View Full Version : Yahoo spider frequency
morpheus.100
05-27-2004, 08:34 AM
does anyone in here know of an average timespan between site indexes from yahoo's bot?
They spidered one of my sites approx 2 months ago and messed up the listings and hav'nt spidered it since. I have used their feedback form and also re-submiteed the URL, but dont want to be omitted for spamming. I hear yahoo are currently working on a new bot and engine and wish to remain listed before it becomes paid inclusion only. Any ideas appreciated. Also does anyone know the name of Yahoo's bot as I wish to modify my alert script to inform me when it has crawled my pages.
Well the Yahoo bot seems to hit my site about twice a day, but I don't really know what controls the frequency of visits for this bot.
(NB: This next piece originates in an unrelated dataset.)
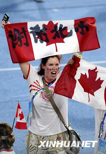一名加拿大代表團(tuán)成員舉著寫有“謝謝北京”字樣的國旗入場。

It seems that Yahoo are doing periodic updates of thier index, with the last two five to six weeks apart.
Yahoos new search engine and bot have been live for a couple of months now, and they assure us that there will always be free submit option available, and at present some 99% of the index is free content.
michalm
05-27-2004, 08:52 AM
Yahoo' bot identifies itself as Yahoo! Slurp lately.
morpheus.100
05-27-2004, 02:51 PM
Thanks for your help guys.
Anyone else feels like adding to the above please do. If I cant make use of anything left I feel others sure could.
tempotantrum
05-28-2004, 06:15 AM
I'm pretty sure that the Slurp crawler like the other major crawlers doesn't have a set pattern as such and I'd say the regularity of its visits differ from site to site and I'm guessing that it builds some kind of 'pattern' for each site depending on how often a site is updated. You'll probably find that sites updated daily (blogs, newssites) get visited more often.
These links might explain more !
www.robotstxt.org/wc/faq.html
www.tamingthebeast.net/articles2/search-engine-spiders.htm
www.iplists.com/
Ade
Mac 5
05-28-2004, 08:28 AM
My stats have the Yahoo robot identified as "Inktomi Slurp."
MSNBot, Inktomi Slurp, Googlebot and BaiDuSpider all visited yesterday May 27.
Jeeves- May 25
Unknown robot (identified by 'crawl')- May 26
Turn It In- May 14
GigaBot- May 3
WISENutbot (Looksmart)- May 13
Alexa (IA Archiver)- May 19
I don't know what a few of these bots are. If you have long spans between visits try adding more links to your site and changing content regularly. There was a lengthy discussion on a different post about adding links to your signature in this forum, which is regularly indexed by the search engines.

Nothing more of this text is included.